Re-balance Cycle Reminder

Based on our new monthly re-balance calendar, the next re-balance time will be on February 13, 2012. You can also find the re-balance calendar of 2012 on ‘My Portfolios’ page.

Plan Updates

We are changing some ETF plans’ fund choices:

1. Six Core Asset ETFs: We are replacing Vanguard FTSE All-World ex-US ETF (VEU) with Vanguard Europe Pacific ETF (VEA) to better reflect the asset class of international (or foreign) developed country stocks.

2. Permanent Global Portfolio ETF Plan: We are replacing Vanguard FTSE All-World ex-US ETF (VEU) with Vanguard Europe Pacific ETF (VEA) and, Dow Jones REITs (IYR) with Vanguard REIT Index (VNQ).

3. Permanent Portfolio ETF Plan: Similarly, we are replacing Dow Jones REITs (IYR) with Vanguard REIT Index (VNQ). The above changes will be effective in the next re-balancing cycle. For portfolios that have held replaced ETFs (such as IYR), you might want to continue to hold them even if the re-balance instructions say to replace them with the new ETFs (such as VNQ) to reduce trading. Notice at the moment we don’t know what rebalance instructions for the next re-balance will be.

Year End Review: Top 401K Plans’ Portfolios

We review the performance of portfolios in the Fortune Top 10 Company 401K Plans table on page Retirement 401K, 403B, 457. These plans represent some of largest 401K plans offered by companies. Notice by default, funds in a 401K plan has a 3 month minimum holding period.  

All performance data are through 12/30/2011.

 

Plan (2011, TAA) AR Sharpe Draw Down Beta
Exxon Mobil 4.5% 0.57 5.0% 0.10
The J.P. Morgan 4.0% 0.47 5.1% 0.08
The Bank of America 3.9% 0.36 9.8% 0.27
Ford Motors 1.3% 0.14 7.0% 0.24
Hewlett Packard 1.2% 0.12 7.5% 0.18
AT&T 1.1% 0.17 4.9% 0.09
ConocoPhillips 0.0% 0.00 8.2% 0.13
Wal-Mart -2.9% -0.32 9.6% 0.24
Chevron -4.6% -0.51 10.3% 0.26
General Electric -4.9% -0.64 9.9% 0.21

Plan (2011, SAA) AR Sharpe Draw Down Beta
The Bank of America -0.2% -0.03 8.0% 0.30
Ford Motors -1.1% -0.10 10.8% 0.44
Chevron -1.3% -0.10 11.5% 0.51
Exxon Mobil -1.7% -0.11 13.7% 0.66
ConocoPhillips -1.7% -0.15 12.4% 0.46
AT&T -1.9% -0.19 11.1% 0.41
General Electric -2.2% -0.18 12.5% 0.52
Hewlett Packard -3.4% -0.28 12.7% 0.50
Wal-Mart -4.4% -0.36 11.8% 0.47
The J.P. Morgan -4.6% -0.29 15.5% 0.66

Overall, the model portfolios in these 10 plans did reasonably well in 2011. In fact, they are doing better than those Brokerage Mutual Fund Portfolios. The main reason is again due to the fact that Brokerage Mutual Fund Portfolios offer more invesetment choices in asset classes such as international stocks, emerging market stocks and foregin bonds. The presence of these ‘extra’ funds/assets distracted performance in 2011. On the other hand, most 401K plans actually don’t have many investment choices as those brokerage plans.

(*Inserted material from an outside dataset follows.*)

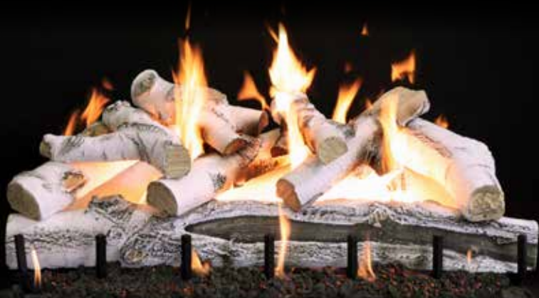
2-Burner Quaking Aspen 36"

This actually helped their portfolios’ performance.

In a longer term, however, one can see that more choices will help to deliver better risk adjusted returns.

Finally, a word on minimum redemption holding period restriction: we would like to encourage our users to furnish us more accurate information on your plans so that our TAA and SAA strategies can have more flexibility to re-balance. This proved to be an important performance factor in 2011.

Market Overview

Gold (GLD) rose most last week. It is now ranked on the top spot in he major asset trend table on 360° Market Overview. Equity continued their rise, though the momentum has definitely slowed down. We are stil not seeing uniform risk asset up trends though.

U.S. REITs (IYR, VNQ) continued their strong trends. Keep in mind, however, IYR is more volatile than S&P 500 (standard deviation in 2011: IYR 24% vs. SPY’s 22%). When broad stock markets experienced weakness, REITs ETFs can retreated in a much faster pace. On the other hand, as what we pointed consistently in the past two years, U.S. REIT companies have used ultra low rate environment to refinance their debts and they are generally in much better balance sheets right now. Investors’ yield hunger and inflation fear do provide some support for these stocks.

We are approaching to final Greek and eurozone’s debt resolutions in the coming months. Market volatility will be here to stay. We urge cautious portfolio allocations at the moment.